When the App is executed, the ID of the current Submodel BiddingProcedureConfig and the Registry-URL are given as starting arguments. From the Registry the App queries the endpoint of this Submodel. Depending on the type of the endpoint the App creates a client (HTTP, OPC UA) and connects to it. Afterwards the App creates and configures an MQTT client with the Submodel’s parameters. Finally, it checks the bidding mode to execute: SR or SP.

SR-mode

In SR mode, the App generates and publishes a call for proposal containing frame and interaction element. It stores all incoming proposals. When the fixed waiting time is expired, the App invokes the decision operation for a selection. The App accepts the selected proposal and rejects the remainder.

SP-mode

In SP mode, the App checks incoming calls for proposals and generates, if capability and availability permits it, a proposal invoking the pricing operation for the pricing of the service. If an acceptance of the proposal is received, the App generates and sends a confirmation.

5.4 Evaluation of the App

The project “Administrative Shell Networked” [14] provides a test bed in which AASs can interact with each other using the bidding procedure. The test bed contains a SR that sends a Call for Proposal every minute requesting for the service boring [9]. For the evaluation of the App an AAS for a virtual drilling machine was created which is capable of executing exactly this requested service. The interaction between the drilling machine AAS and the SR worked until the confirmation/informing step proving that the App works properly in this case. A complete test of the App follows.

6 Conclusion

In order to realise an order driven production exemplary implemented in the SmartFactoryOWL in Lemgo, Germany, this paper presents an infrastructure including reactive and proactive Asset Administration Shells (AASs). The proactive AASs act as economic autonomous actors, that are capable of taking decisions and interacting purposefully with each other with the specified VDI/VDE 2193-interaction protocol.

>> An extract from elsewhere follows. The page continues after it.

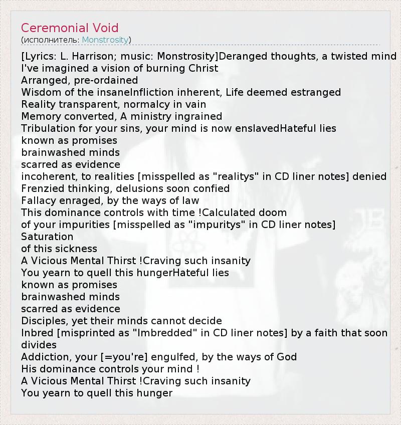 А как ты думаешь, о чем песня "Ceremonial Void" ?

Two types of implementations are developed and validated in this paper. In both cases, a reactive AAS in an AAS-Server is completed with a proactive part. Type 1 implements the proactive part as AAS-Server functionality. On the contrary, type 2 implements it as an AAS-application outside the AAS-Server.

While type 1’s implementation is straightforward, its distribution to partner’s in a value chain is complicated. Consequently, it is well suited for proprietary functionality like the pricing of services or other functionalities that do not change over time. On the contrary, major advantage of type 2 is its independence of AAS-Servers simplifying significantly its distribution and instantiation. An application can be deployed once in a system and each instance of it can activate one AAS. Thus, type 2 is the proper solution for global functions.

For a fully functional order driven production system, a variety of proactive applications is necessary: a Controlling-, Bidding-, Deciding- and Pricing-App were presented and implemented. Each of these applications needs specific AAS Submodels for parameterization. Asset data is stored exclusively in the reactive part, so that all proactive parts act upon the same asset status.

These proactive applications together with reactive AASs in AAS-Servers as well as the communication components build the infrastructure of the order driven production in the mentioned demonstrator.